French Protests: The Cost of Sarkozy's Show of Force
French gendarmes face striking workers as they block the entrance of the Grandpuits oil refinery southeast of Paris today after police took over the Total installation (photo by Reuters)
story by Time
written by Bruce Crumley/Paris
The fierce showdown over retirement reform in France entered what appeared to be a decisive phase on Friday, as riot police moved in to break up a strike at an oil refinery outside of Paris less that 24 hours after President Nicolas Sarkozy had employed combative language in a pledge to see his pension revision to term. The action appeared to signal the government's view that key factors in the confrontation had turned in its favor, allowing it to mount an offensive push toward victory in both parliament and the streets alike.
Unions said three employees of the Grandpuits refinery east of Paris were injured when police moved in around 9 a.m. to clear the blockade that strikers have maintained for the past ten days. The barricade was one of a dozen that had largely shut down France's refineries, producing gas shortages across the country that Sarkozy vowed on Thursday to resolve. The demonstrators' chokehold on gas supplies had become a strategic element in the widespread opposition to plans to revise France's deficit-plagued pension scheme by increasing the minimum retirement age from 60 to 62 years, the age to collect full benefits from 65 to 67, and the amount of time an employee is required to pay into it by one year to 41.5. But a large majority of French have resisted the initiative as unfair, and have launched rolling strikes and enormous, at times violent demonstrations since early September. With protesting students in several French cities continuing to battle police and engaging in acts of vandalism on a daily basis, Sarkozy on Thursday warned he'd put a stop to all insurrectionist forms of opposition.
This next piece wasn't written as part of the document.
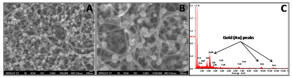 To ensure the presence of gold nanoparticles, their successful attachment to the CNT surface, and even distribution, SEM images were obtained (Figure 3(A,B)). These images demonstrate well dispersed, strongly adhered gold nanoparticles with a low agglomeration level. For these particles, a size distribution of 44.9 ± 14.4 nm was determined. Furthermore, EDS results indicated a strong presence of gold within the sample, further confirming successful composite formation (Figure 3(C)).

"There are many ways to express yourself in our democracy, but violence is the most cowardly, the most gratuitous, and it is not acceptable," a tense Sarkozy said during a meeting with local officials in central France on Thursday, referring to students who've clashed with police around Paris, in central Lyon, and scores of other cities for the past week. "These thugs will not have the last word in a democracy. They will be arrested, found, and punished."
But Sarkozy didn't stop there, issuing a similar warning to striking workers at refineries — and presumably anywhere else — whose protests "take hostage innocent people trying to go about their daily business." "They will destroy jobs," the president said of the protesting refinery workers, foreshadowing Friday's police intervention. "A business that has no more gas, that gets no more deliveries, will close. It's the little people who will pay the price."
Over previous weeks of protesting, Sarkozy had largely limited his response to simply accelerating the final legislative passage of his reform. So why the sudden swagger? One big reason is a ritual almost as central to French life as strikes: vacations. The government is banking that the nearly two-week-long school break that begins Oct. 23 will disperse students to far-flung holiday destinations and rob the movement of its most dramatic component. Meanwhile, though unions voted on Oct. 21 to hold two more days of demonstrations on Oct. 28 and Nov. 6, it seems likely the disputed reform proposal will have already been passed into law by then, making continued opposition a purely symbolic (though politically significant) act. The legislation is now expected to be approved in coming days, and signed into law by Sarkozy in early November.
But there are still other reasons for Sarkozy's change in strategy. Labor action that had disrupted much rail, air and municipal transportation following the last big demonstrations on Oct. 19 has since largely faded. That means the refinery blockades — which had left between 20% and 30% of French gas stations dry — were the last main pressure point unions had awaiting their next scheduled show of force on Oct. 28. By using police to free up the Grandpuits refinery — likely just the first such intervention in the next few days — Sarkozy can position himself as the man who not only drove his pension reform through, but also stood up to the most defiant elements of opposition to boot.
This strategy also carries risks, however. First off, new polls on Friday show 69% of respondents support the opposition and strike movement. That means that despite the disruptions the protests have caused, the French public presumably won't approve of heavy-handed moves like Sarkozy's refinery intervention to thwart strikes. "What president, what parliament passed a law banning workers' constitutional right to strike?" Charles Foulard, head of the Confederation of French Labor union at Grandpuits, asked on TV channel i-tele Friday morning. "It's an outrage, and the anger here will drive our future action."
Which is the other risk: In response to Sarkozy's end-around action, infuriated union workers and students may decide to radicalize their protests and surge out of the control of their leaders — a scenario long feared among observers. Meanwhile, even if the movement simply peters out once the reform becomes law, public resentment of the reform — and the way Sarkozy rammed the measure through — may yet cost him dearly, with his own re-election rendezvous with voters just 18 months off.